First, we need to convert the partial pressures of the gases into the same unit. We can convert cm of Hg and torr to atm because 1 atm = 760 torr and 1 torr = 1 mm of Hg = 1 cm of Hg / 10. Therefore, the partial pressure of \(\mathrm{N}_2\) is \(38 \text{ cm of Hg} \times \frac{1 \text{ torr}}{1 \text{ cm of Hg}} \times \frac{1 \text{ atm}}{760 \text{ torr}}\) = \(\frac{38}{760} \text{ atm}\) and for \(\mathrm{O}_2\) is \(190 \text{ torr} \times \frac{1 \text{ atm}}{760 \text{ torr}}\) = \(\frac{190}{760} \text{ atm}\). The partial pressure of \(\mathrm{CO}_2\) is already in atm.

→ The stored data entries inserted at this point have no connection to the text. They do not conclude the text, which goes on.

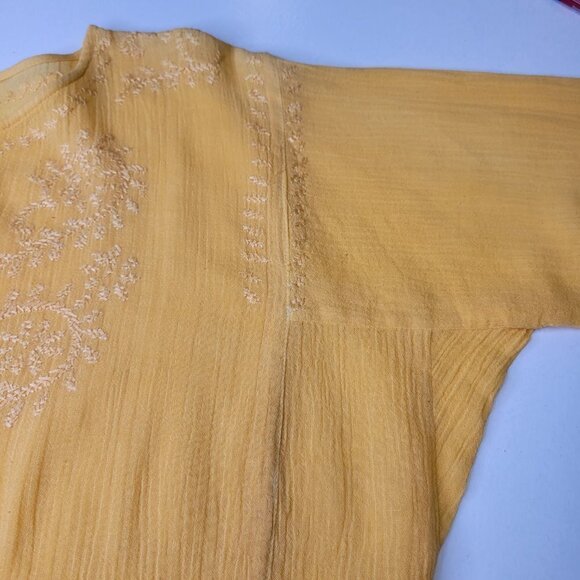 Cotton Embroidered Long Sleeve Yellow Saffron Indian Traditional Unisex Top XL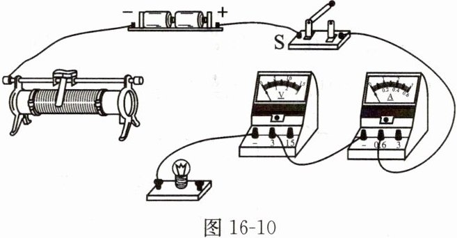 12. 请用笔画线表示导线,按要求正确连接图 16 - 10 所示的实物图。要求:闭合开关,将滑动变阻器的滑片向左移动,灯泡变亮,连线不能交叉。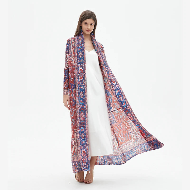 Pleats Pleated Abaya Long Printed Jacket Trench Windbreaker Evening Gown Gown 2024 Autumn New Loose Extended Coat Women Clothing

Calculate each gas's partial pressure in atm. For \(\mathrm{N}_2\), it is \(\frac{38}{760} \text{ atm} \) or approximately 0.05 atm. For \(\mathrm{O}_2\), it is \(\frac{190}{760} \text{ atm} \) or approximately 0.25 atm. The partial pressure of \(\mathrm{CO}_2\) remains 0.5 atm.

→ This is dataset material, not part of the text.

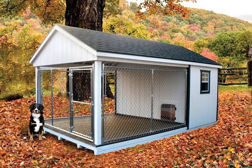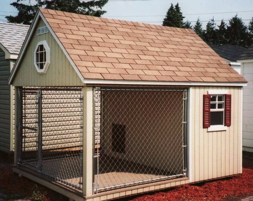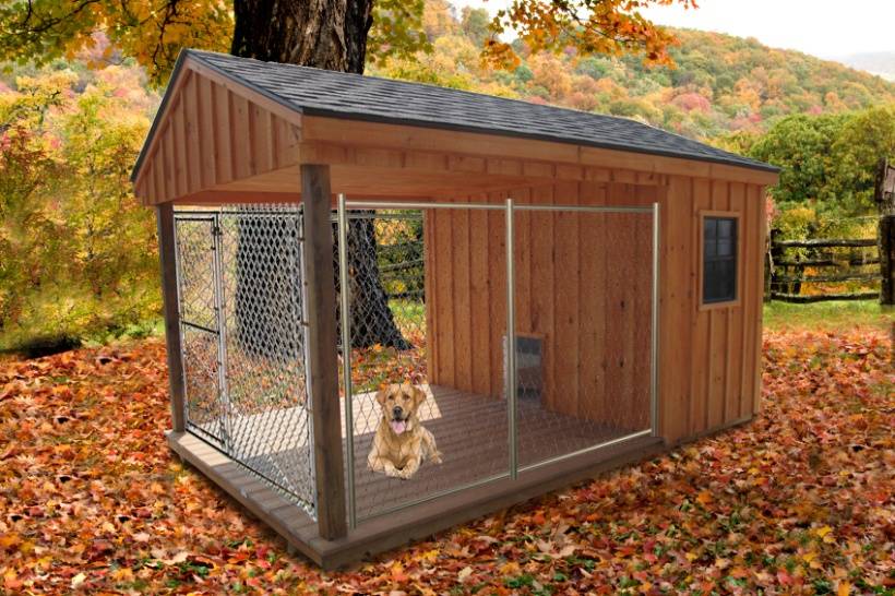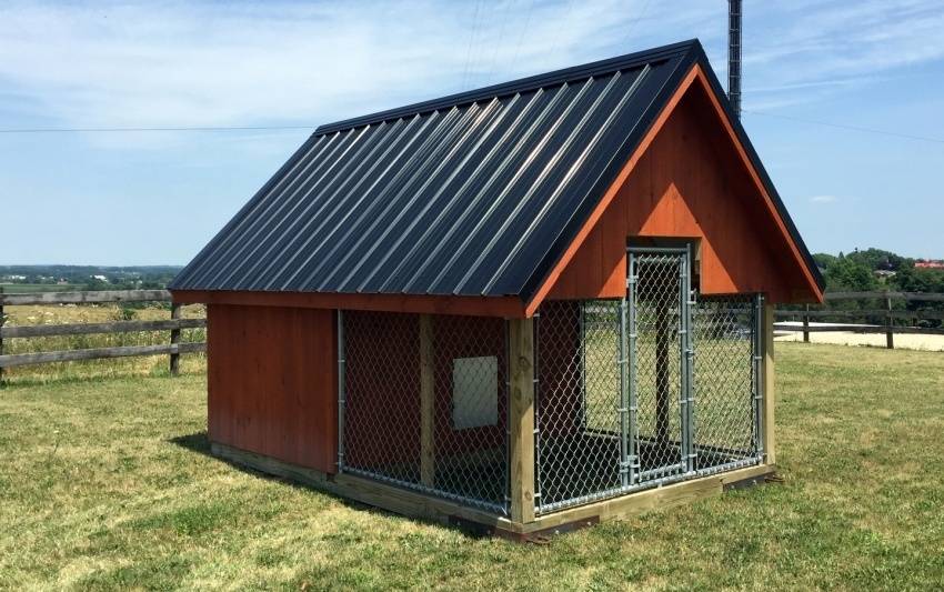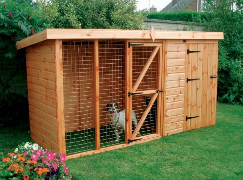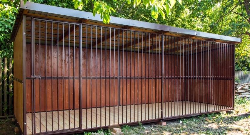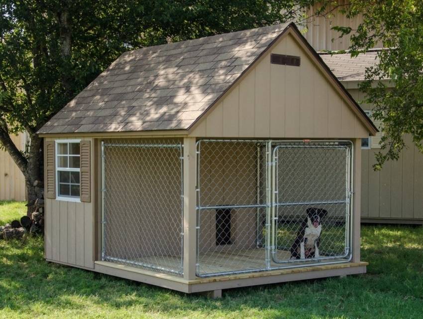 Любой вольер для собаки должен иметь хотя бы одну «глухую» стену, чтобы псу было комфортно и безопасно внутри

Add the partial pressures of all three gases to find the total pressure. Total pressure \(P_{\text{total}} = P_{\mathrm{N}_2} + P_{\mathrm{O}_2} + P_{\mathrm{CO}_2} = 0.05 \text{ atm} + 0.25 \text{ atm} + 0.5 \text{ atm} = 0.8 \text{ atm}\).

The total calculated pressure (0.8 atm) is not listed as an option, indicating a possible calculation error. Re-evaluate the calculation.

Recalculate the partial pressures and add them accurately. For \(\mathrm{N}_2\): \(\frac{38}{760} \text{ atm} = 0.05 \text{ atm}\), for \(\mathrm{O}_2\): \(\frac{190}{760} \text{ atm} = 0.25 \text{ atm}\), but \(\mathrm{CO}_2\) was already provided in atm: 0.5 atm. So, \(P_{\text{total}} = 0.05 \text{ atm} + 0.25 \text{ atm} + 0.5 \text{ atm} = 0.8 \text{ atm}\). However, there was a miscalculation in converting \(\mathrm{N}_2\)'s partial pressure. It should be \(\frac{38}{760} \text{ atm}\) = 0.05 atm. Correct calculations give \(P_{\text{total}} = 0.05 \text{ atm} + 0.25 \text{ atm} + 0.5 \text{ atm} = 0.8 \text{ atm}\), which is still inconsistent with the given options. It seems there has been a mistake in the calculations or the options provided are incorrect.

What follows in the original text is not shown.